* **Record extracts**

* * *

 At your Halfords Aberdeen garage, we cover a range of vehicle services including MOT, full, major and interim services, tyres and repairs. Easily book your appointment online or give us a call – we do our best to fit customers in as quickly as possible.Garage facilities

* * *

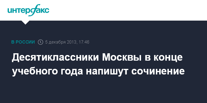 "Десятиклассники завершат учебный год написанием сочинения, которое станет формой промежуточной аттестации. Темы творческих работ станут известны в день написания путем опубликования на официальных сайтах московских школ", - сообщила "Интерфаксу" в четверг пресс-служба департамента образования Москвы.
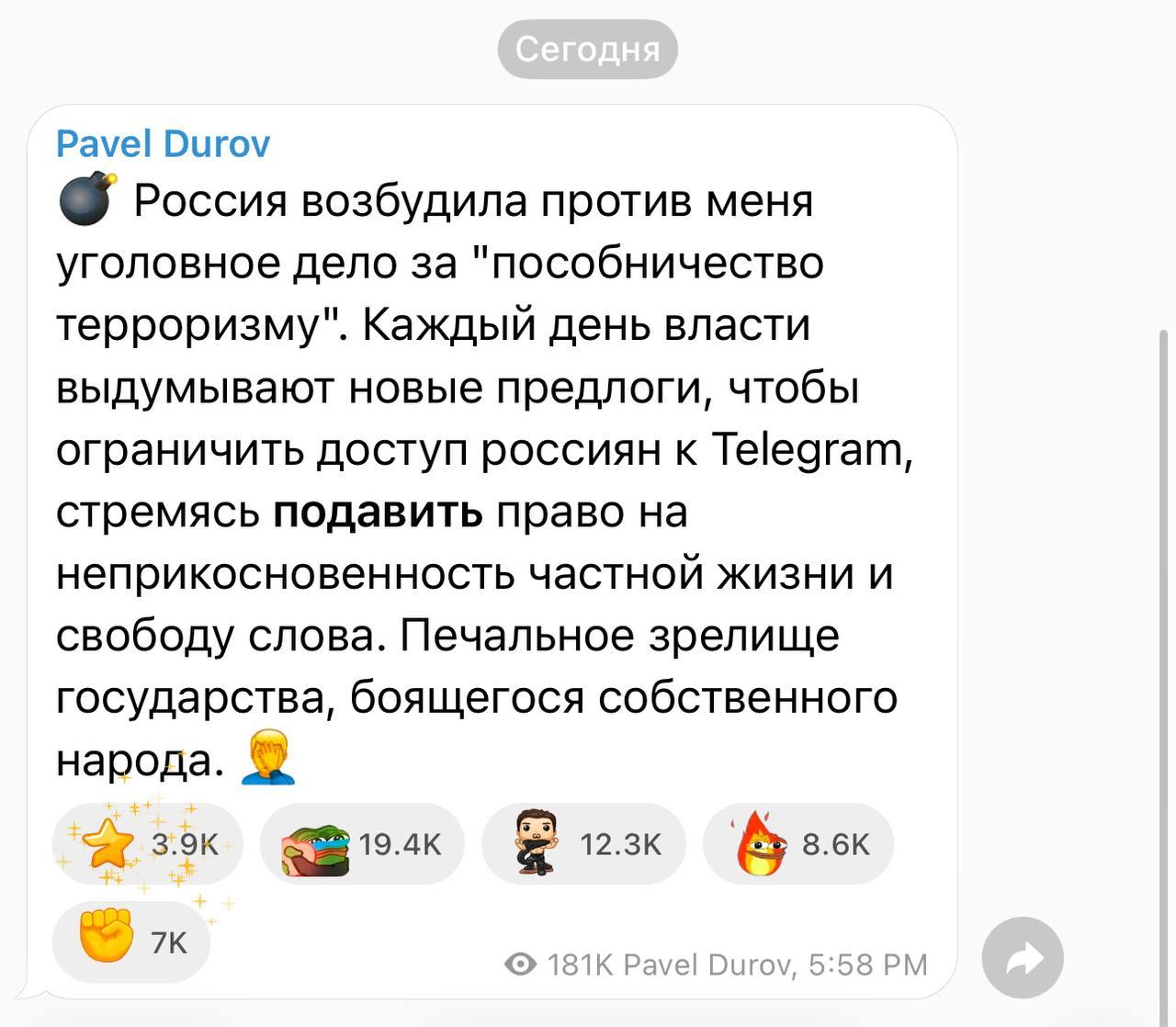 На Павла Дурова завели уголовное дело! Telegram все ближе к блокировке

* * *

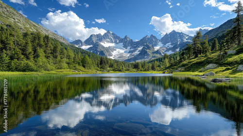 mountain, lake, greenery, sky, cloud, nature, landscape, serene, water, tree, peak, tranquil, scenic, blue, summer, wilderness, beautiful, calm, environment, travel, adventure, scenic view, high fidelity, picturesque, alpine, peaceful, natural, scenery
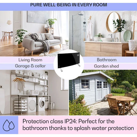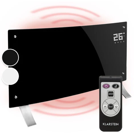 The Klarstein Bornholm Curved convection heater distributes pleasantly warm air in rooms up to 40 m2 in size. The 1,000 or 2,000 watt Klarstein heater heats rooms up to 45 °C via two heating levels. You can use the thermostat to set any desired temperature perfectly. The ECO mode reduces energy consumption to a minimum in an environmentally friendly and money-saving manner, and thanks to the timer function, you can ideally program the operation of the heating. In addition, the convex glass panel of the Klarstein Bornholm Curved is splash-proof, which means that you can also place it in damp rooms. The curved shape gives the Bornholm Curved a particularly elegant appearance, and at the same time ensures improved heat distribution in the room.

* * *

* **Work to complete**
Make an exact copy of the lines above, beginning with the line with "peaceful, natural, scenery" and ending with the line with "The Klarstein Bornholm Curved convection", and keep the pictures out of it.

* **Exercise solution**
 mountain, lake, greenery, sky, cloud, nature, landscape, serene, water, tree, peak, tranquil, scenic, blue, summer, wilderness, beautiful, calm, environment, travel, adventure, scenic view, high fidelity, picturesque, alpine, peaceful, natural, scenery
 The Klarstein Bornholm Curved convection heater distributes pleasantly warm air in rooms up to 40 m2 in size. The 1,000 or 2,000 watt Klarstein heater heats rooms up to 45 °C via two heating levels. You can use the thermostat to set any desired temperature perfectly. The ECO mode reduces energy consumption to a minimum in an environmentally friendly and money-saving manner, and thanks to the timer function, you can ideally program the operation of the heating. In addition, the convex glass panel of the Klarstein Bornholm Curved is splash-proof, which means that you can also place it in damp rooms. The curved shape gives the Bornholm Curved a particularly elegant appearance, and at the same time ensures improved heat distribution in the room.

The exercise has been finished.